Молодой командир отмахнулся:
– Сначала дядю повидаю, потом видно будет.
А Фёдор, не дослушав, шагнул в лес.
– Федька, ты хоть наган с собой прихвати на всякий случай! – крикнул другу вдогонку Федорахин.
– А зачем он мне, у нас поохотиться ружьё неплохое есть.
И бывший красноармеец скрылся в лесной чаще. Вслед ему с завистью и тоской смотрели оставшиеся бойцы.
Вскоре раздался гудок и шум, приближающегося поезда. Уцелевших красноармейцев Алапаевского полка погрузили в порожняк и отправили в город на переформирование, чтобы снова бросить в последний бой. Но нашему герою не суждено было в нём участвовать.
* * *
А в северную часть района пока только доходили слухи о тяжёлых боях в низовьях Нейвы. Вернувшиеся с фронта крестьяне, взявшиеся за работу с новыми силами, собрали знатный урожай. После весеннего восстания власти старались лишний раз не дразнить местных хлеборобов, и до поры до времени не трогали. Но после известных событий под Ирбитом и Егоршино, очевидно, зная, что рано или поздно эту местность придётся оставить, вышестоящие большевистские органы решили зачистить и эту часть района, чтобы ничего не оставить противнику. Ведь по сёлам Ирбитского тракта эта директива уже вовсю выполнялась. Угоняли, забивая, скот, на станции грузили по вагонам отобранное зерно… Но как только появились красные продотряды в Махнёво, Мугае[28], Меркушино[29], так и полыхнуло по всему краю. Масло в огонь подлило осквернение мощей праведного Семёна Верхотурского.

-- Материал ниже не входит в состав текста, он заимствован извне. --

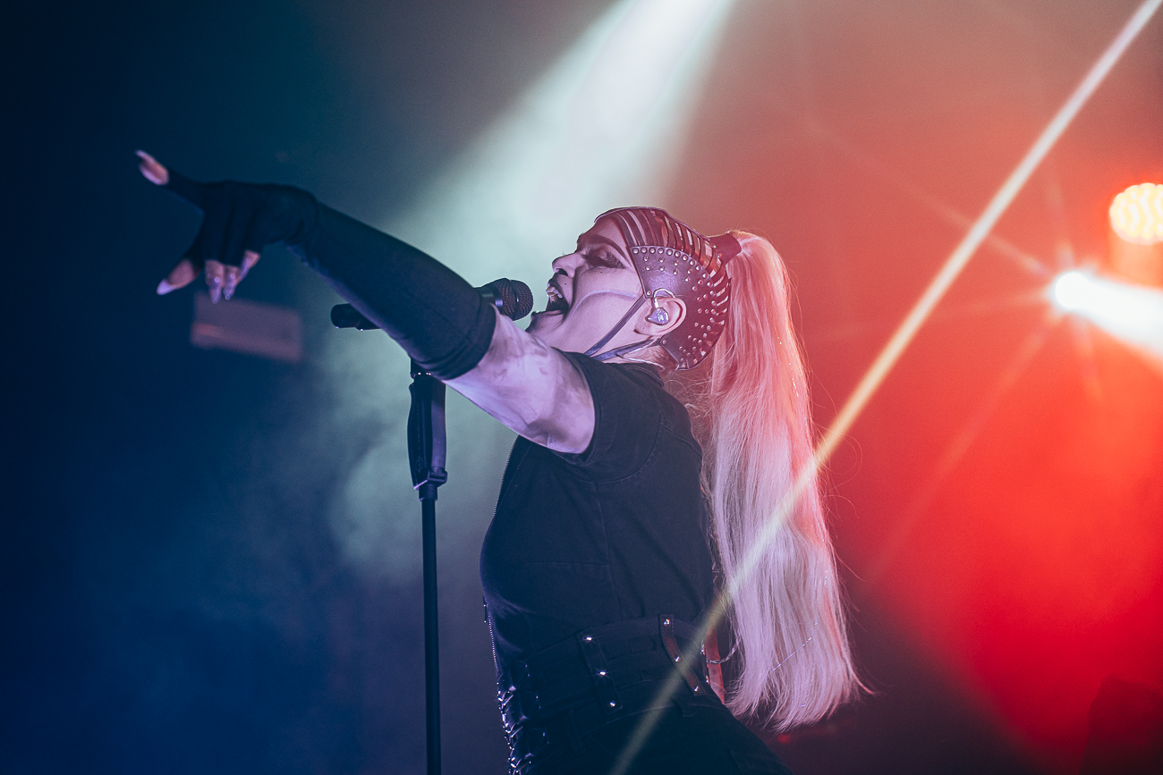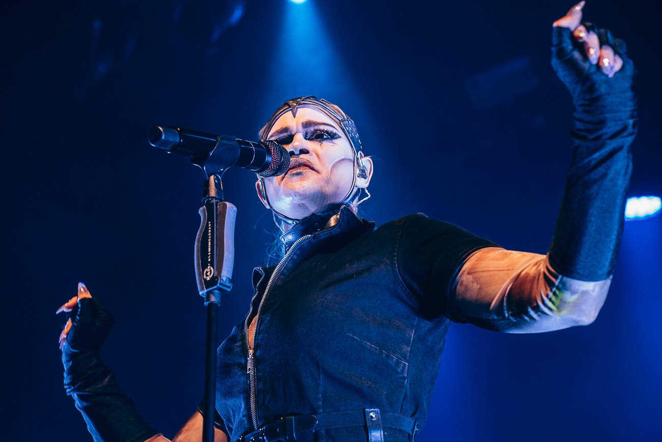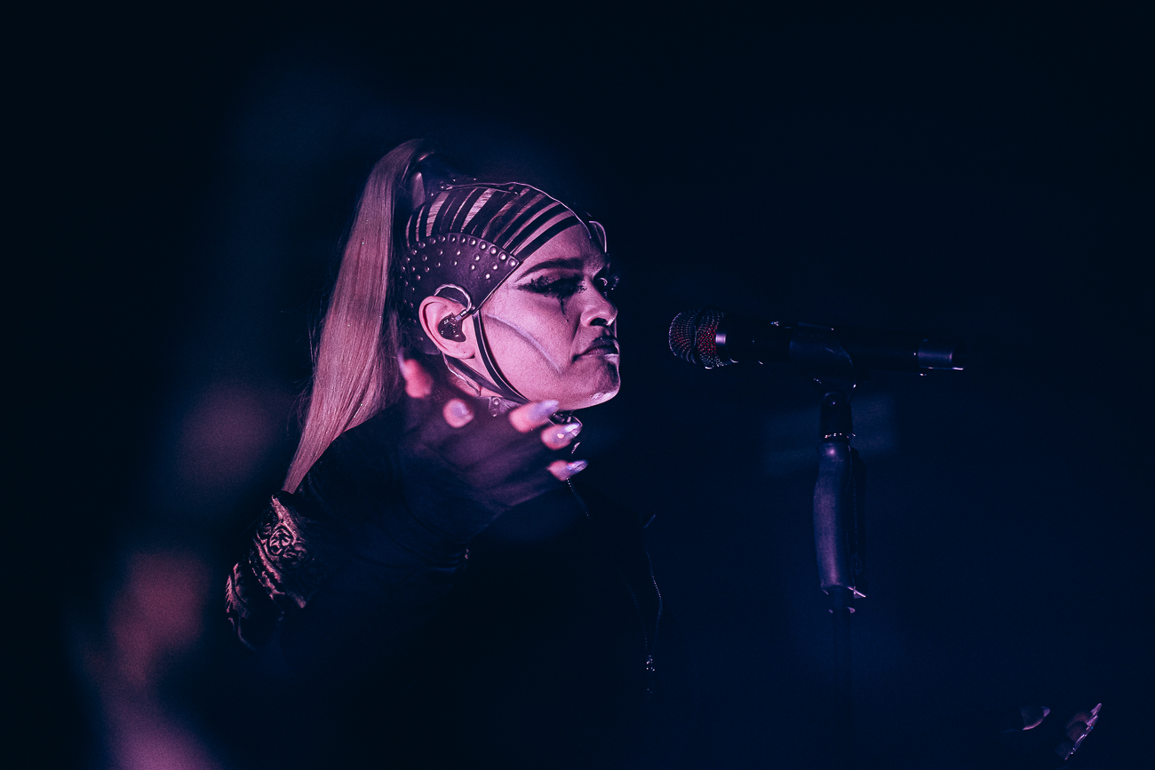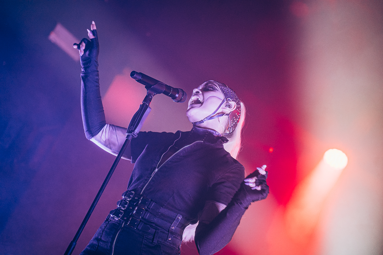 As the opening bars of “Michelle Carter” kick in, it becomes clear what SKYND is all about: not shock value, but a relentless confrontation with real-life crimes and the tragedies behind them. The enchantingly beautiful SKYND, with her haunting and utterly sublime voice, and the mysterious Father, both of whom always perform in masks, have carved out a distinctive place for themselves in the music world over the past few years with songs about real-life criminal cases, and live, these songs thunder towards the fans with even greater force.

Верхотурский военный совет не замедлил бросить против повстанцев все собранные силы. В один из этих дней, когда семья Толмачёвых занималась обмолотом своего богатого урожая, несколько конных подъехало к их мельнице. Услышав знакомый голос, Василий вышел на улицу. Тотчас же один из верховых крикнул:
– Васька, давай с нами, тебе ли дома сидеть! У нас офицеров не хватает!
Конечно же это был его давнишний приятель Алексей Цепелев.
– Здорово! А ты-то разве не офицер?! Извини, Лёха! У меня дома пока дел по горло! С обмолотом надо управиться! Да и женюсь я скоро!
– Как знаешь! Видно, у вас ещё большевики не всё забрали! Поглядим, как вы завтра запоёте!
– Ну, погляди! А воевать, извини, не пойду!
Вдалеке послышался конский топот. И четверо всадников, дав шенкеля своим лошадям, поскакали в сторону Махнёво. Тотчас же к мельнице прискакали новые конные, с красными лентами на фуражках. Василий на всякий случай сунул руку в карман и сжал рукоять браунинга.
– С кем разговаривал?
– Со знакомым. А что?!
– С контрой ты разговаривал! Понял! А ну, говори, куда ускакали?
– Туда! – махнул рукой Толмачёв в сторону села Махнёво.
Но всадники как будто не собирались уезжать. На голоса вышли отец и брат Александр.
– А ты кто такой? Офицер, небось?
– Офицер, – спокойно ответил Василий.
– Хорошо, что не запираешься!
– А мне что запираться, у меня и в документах написано, что я прапорщик!
И, повернувшись, хотел идти обратно, к своей работе.
– Стоять! Тебя никто не отпускал! Зерна много намололи?
– Василий резко повернулся:
– А ты кто такой здесь командовать? И что за дело тебе, сколько я зерна намолол? Сколько бы ни намолол – всё моё!
– Василий! – дёрнул его за рукав отец. – Ты что?!
Брат Александр тоже начал покрываться потом. Дело принимало дурной оборот.
– Офицер! И документы, говоришь, у тебя есть! А вот сейчас заберём тебя с собой! И узнаешь, кто мы!
– Слушай, катился бы ты отсюда, пока цел!
Сказав это, Василий медленно, не вынимая руку из кармана, положил палец на спусковой крючок «браунинга». Отец, тем временем оправившись немного от страха за сына, пятясь спиной, подошёл к углу мельницы, где были прислонены вилы. Брат, повернувшись, зашёл в мельницу и снял со стены ружьё.
– Арестуете, значит?
– Правильно мыслишь, контра!
– А за что вы меня арестуете? И за что контрой называешь? За то, что в своём доме я тебе на дверь указал? Я что, уже не хозяин в своём доме? – вскипел Толмачёв. – Я против советской власти не воевал – все докажут! Все соседи! Да и вами арестованные из нашей деревни!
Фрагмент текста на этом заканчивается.